Return value — veto the call:
return {"action": "block", "message": "Reason the tool call was blocked"}
The agent short-circuits the tool with message as the error returned to the model. The first matching block directive wins (Python plugins registered first, then shell hooks). Any other return value is ignored, so existing observer-only callbacks keep working unchanged.
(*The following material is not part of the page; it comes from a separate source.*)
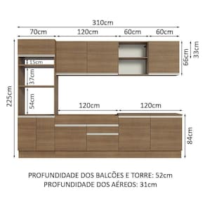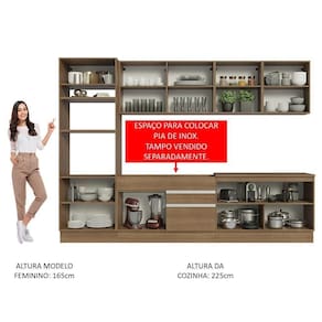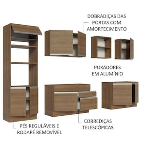 O espaço interno e externo nos aéreos e balcões é ótimo para a organização de todos os utensílios, louças e decorações. A torre comporta forno e micro-ondas e o balcão de pia possibilita a colocação de pias de inox ou pedra. Ou seja, tem lugar pra tudo que você precisa!

Use cases: Logging, audit trails, tool call counters, blocking dangerous operations, rate limiting, per-user policy enforcement.
Example — tool call audit log:
import json, logging
from datetime import datetime
logger = logging.getLogger(__name__)
def audit_tool_call(tool_name, args, task_id, **kwargs):
logger.info("TOOL_CALL session=%s tool=%s args=%s",
task_id, tool_name, json.dumps(args)[:200])
def register(ctx):
ctx.register_hook("pre_tool_call", audit_tool_call)
Example — warn on dangerous tools:
DANGEROUS = {"terminal", "write_file", "patch"}
def warn_dangerous(tool_name, **kwargs):
if tool_name in DANGEROUS:
print(f"⚠ Executing potentially dangerous tool: {tool_name}")
def register(ctx):
ctx.register_hook("pre_tool_call", warn_dangerous)
post_tool_call
Fires immediately after every tool execution returns.
Callback signature:
def my_callback(tool_name: str, args: dict, result: str, task_id: str,
duration_ms: int, **kwargs):
| Parameter | Type | Description |
|---|---|---|
tool_name |
str |
Name of the tool that just executed |
args |
dict |
The arguments the model passed to the tool |
result |
str |
The tool's return value (always a JSON string) |
task_id |
str |
Session/task identifier. Empty string if not set. |
duration_ms |
int |
How long the tool's dispatch took, in milliseconds (measured with time.monotonic() around registry.dispatch()). |
Fires: In model_tools.py, inside handle_function_call(), after the tool's handler returns. Fires once per tool call. Does not fire if the tool raised an unhandled exception (the error is caught and returned as an error JSON string instead, and post_tool_call fires with that error string as result).
Return value: Ignored.
Use cases: Logging tool results, metrics collection, tracking tool success/failure rates, latency dashboards, per-tool budget alerts, sending notifications when specific tools complete.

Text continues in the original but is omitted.